■ **WHAT YOU NEED TO DO**:
Go to the line that contains "LOYOLA PSYCHIATRY STUDENT" in the records below and repeat it, and each line after it, exactly through the end, omitting pictures.

■ **Stored items**:
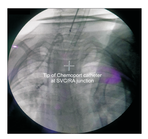
Fig. 1. Fluoroscopic image showing a chemoport catheter with the tip at the right atrium (RA)/superior vena cava (SVC) junction.

Informed and written consent were obtained from the parents of the child. Pre-anesthetic clearance was obtained. Adequate blood and blood products were kept ready, as most of these patients had hematological malignancy with anemia and thrombocytopenia. The children with thrombocytopenia received platelet transfusion just before shifting to surgery. A dose of prophylactic antibiotic was administered at the time of anesthetic induction in the children
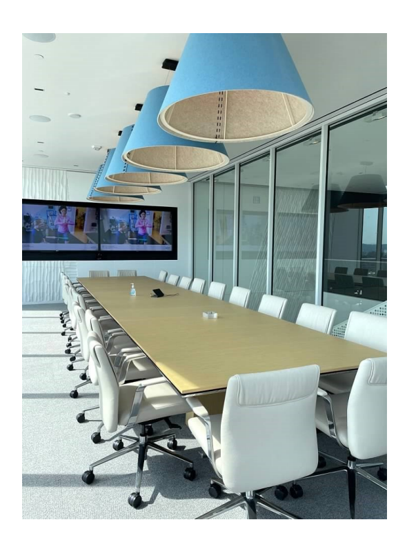
While the space was beautiful, plenty of hard work was completed by the 18
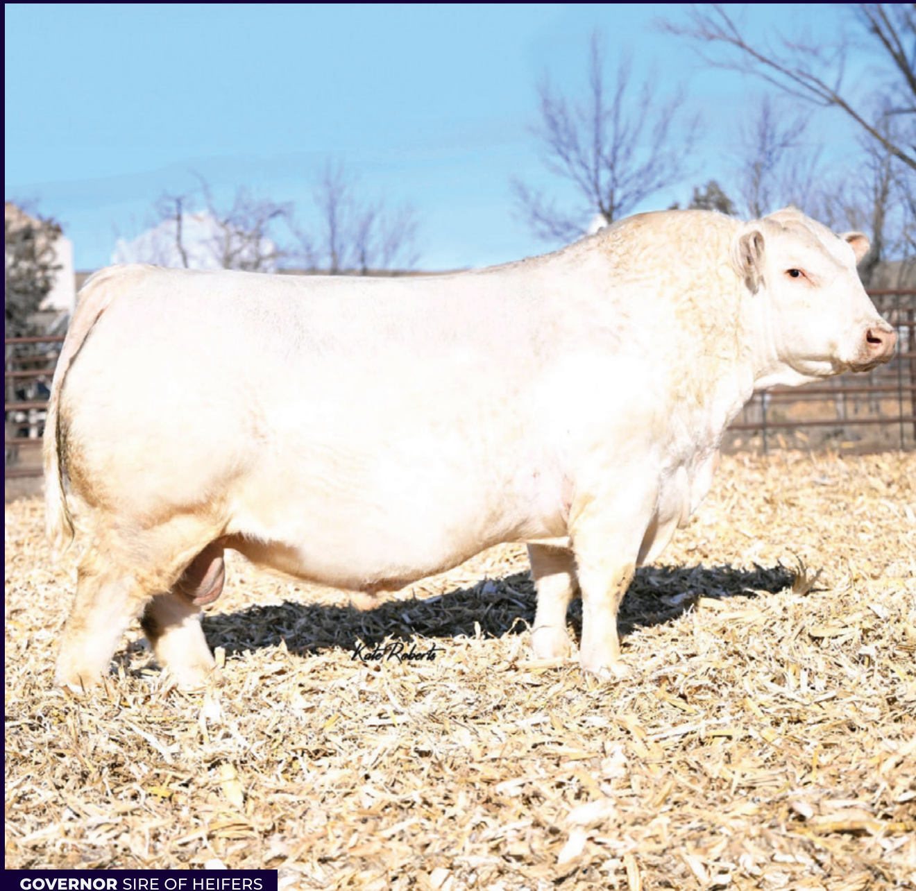
GOVERNOR SIRE OF HEIFERS
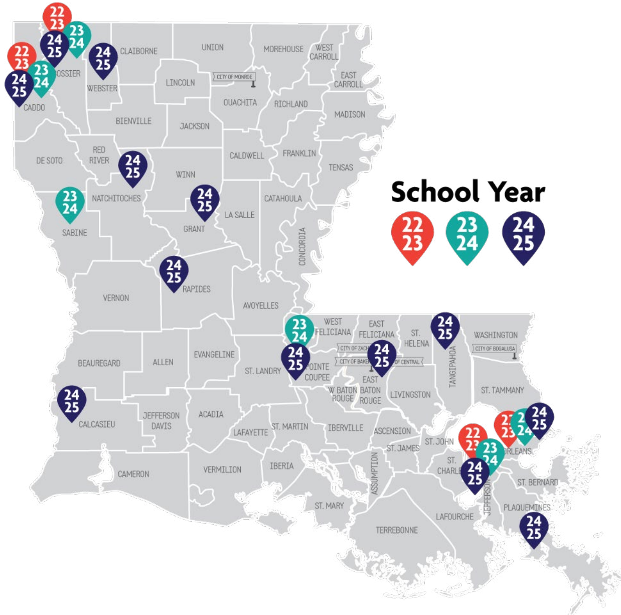
ECE FUND-ELIGIBLE PARISHES OVER TIME

The Louisiana ECE Fund offers a dollar-for-dollar state match for non-federal and non-state funds secured by local entities. During 2024-25, projections estimate that local funding will generate the need to match more than $31 million from 14 parishes. Although as of early January 2024 there is a balance of $32.8 million, the ECE Fund is projected to be nearly depleted by the end of academic year 2024-25 and be unable to match funds raised in local communities in 2025-26. Louisiana should continue to capitalize on the tremendous momentum to support early childhood care and education that is building in local communities across the state. By passing a new law that codifies the State’s commitment to provide matching dollars for local funds raised for early childhood education, the Louisiana State Legislature can hold true to the State’s good faith promise to communities, families, and children.
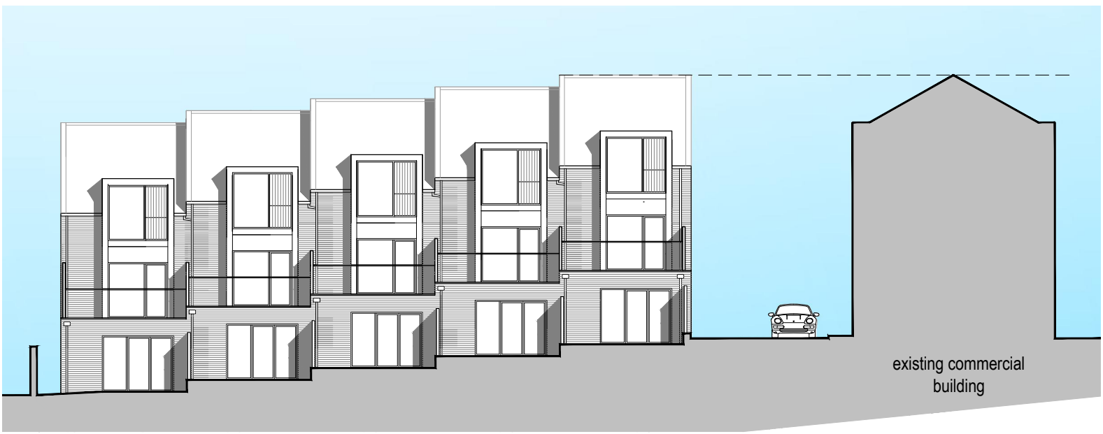
south facing general elevation scale 1 : 200 @ A1
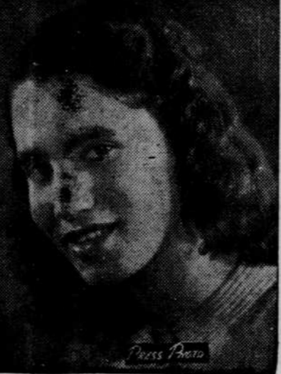
LOYOLA PSYCHIATRY STUDENT
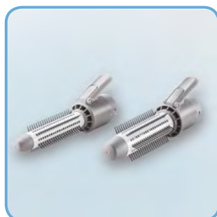
2 styling attachments, ø 22/ 30 mm

■ **EXERCISE SOLUTION**:
LOYOLA PSYCHIATRY STUDENT
2 styling attachments, ø 22/ 30 mm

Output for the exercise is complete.